We used contigs and species to construct phylogenetic profiles and extract features for ML to predict plant PHI. The length of the kmer and the selection of the species number are critical to the performance of the prediction results. We use different numbers of species to construct a phylogenetic profile (test with AA model, k = 6 and randomly chose the species with 72, 503, and 1,000) (Supplementary Table 2). The results show that the performance of the predicted results increased as the number of species increased. Too many species chosen will reduce the speed of contigs searches, so based on the balance of calculation time and accuracy, we chose 503 species as the optimal species selection for constructing phylogenetic profiles (Supplementary Figure 3 and Supplementary Table 3). Due to the different properties of AAs, we encode AA characters into four different models, which will lead to the optimal length of kmer for each model being various. We tested kmer length against different models to select the optimal kmer value with 503 species (Supplementary Table 4). The result clearly shows that for the AA, HY, PO, CH, and CHP models, the optimal kmer values are 6, 22, 27, 19, 15, respectively. The following tests on the algorithm are based on these optimal parameters.
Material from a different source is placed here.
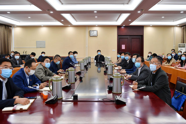 本次研讨会主题为学习中国高等教育、高等医学教育改革发展的形势与任务,更新教育理念,发挥学校特色优势,加快推进高水平医科大学建设。会议以视频连线方式,邀请遵义医科大学副校长、硕士生导师李春鸣教授作专题辅导报告。院长管英俊、副院长刘军围绕学习主题作了重点交流发言。

The phylogenetic profile feature significantly improved the performance of ML prediction

We concatenate novel phylogenetic profile features (CHP model) with sequence features to improve the performance of prediction in the plant PHI. To compare the influence of phylogenetic profile features on the performance, we compared the structure-based + CHP with the structure-based descriptions (CT, AC, DC, and PSP descriptions in the Methods section) based on the RF algorithm. As shown in Figure 4, the aucPRC values of the structure-based + CHP method in the 10-fold cross-validation test were 0.766, 0.705, 0.755, and 0.775 for the Gor-Ara, Psy-Ara, Hpa-Ara, and All-Ara test data, respectively, whereas the corresponding values of the structure-based method were 0.745, 0.662, 0.690, and 0.765, respectively. In addition, the performance of the other models (AA, CH, PO, and HY) + the structure-based model is shown in Supplementary Table 5. The results show that by concatenating the feature extracted from the phylogenetic profile with the structure-based feature to predict plant PHI, five different models can improve the performance of the prediction results. It also shows that the phylogenetic profile is a significant feature for the prediction of plant PHI based on the ML method. In general, the structure-based + CHP feature was reported significantly more often than the structure-based descriptor only. The results of cross-validation clearly show that phylogenetic profile features can substantially improve the predicted performance of plant PHI. The traditional method uses the concatenate method to connect different features to improve the dimensionality of the training feature value and improve the accuracy (Emamjomeh et al., 2014; Yang et al., 2019; Yang et al., 2020). Strikingly, because the features extracted from the phylogenetic profile by five models have the same dimensions (503), we proposed a “combine” method to merge feature values for ML. The merged value dimension has not increased, and the length of the feature is still 503, which greatly reduces the calculation pressure and improves the prediction speed. At the same time, the performance of our “combine” method (combine AA, HY, PO, CH, and CHP features) is better than that of the traditional concatenate method (Supplementary Figure 4).

FIGURE 4

Figure 4 The performance of merging different features predicted pathogen-host interactions. PR curves showing the performance based only on the structure-based and structure-based + CHP models on the 10-fold cross-validation test. Panels (A–D) represent the results from the Ara-Psy, Ara- Hpa, Ara-Gor, and All-Ara training samples, respectively.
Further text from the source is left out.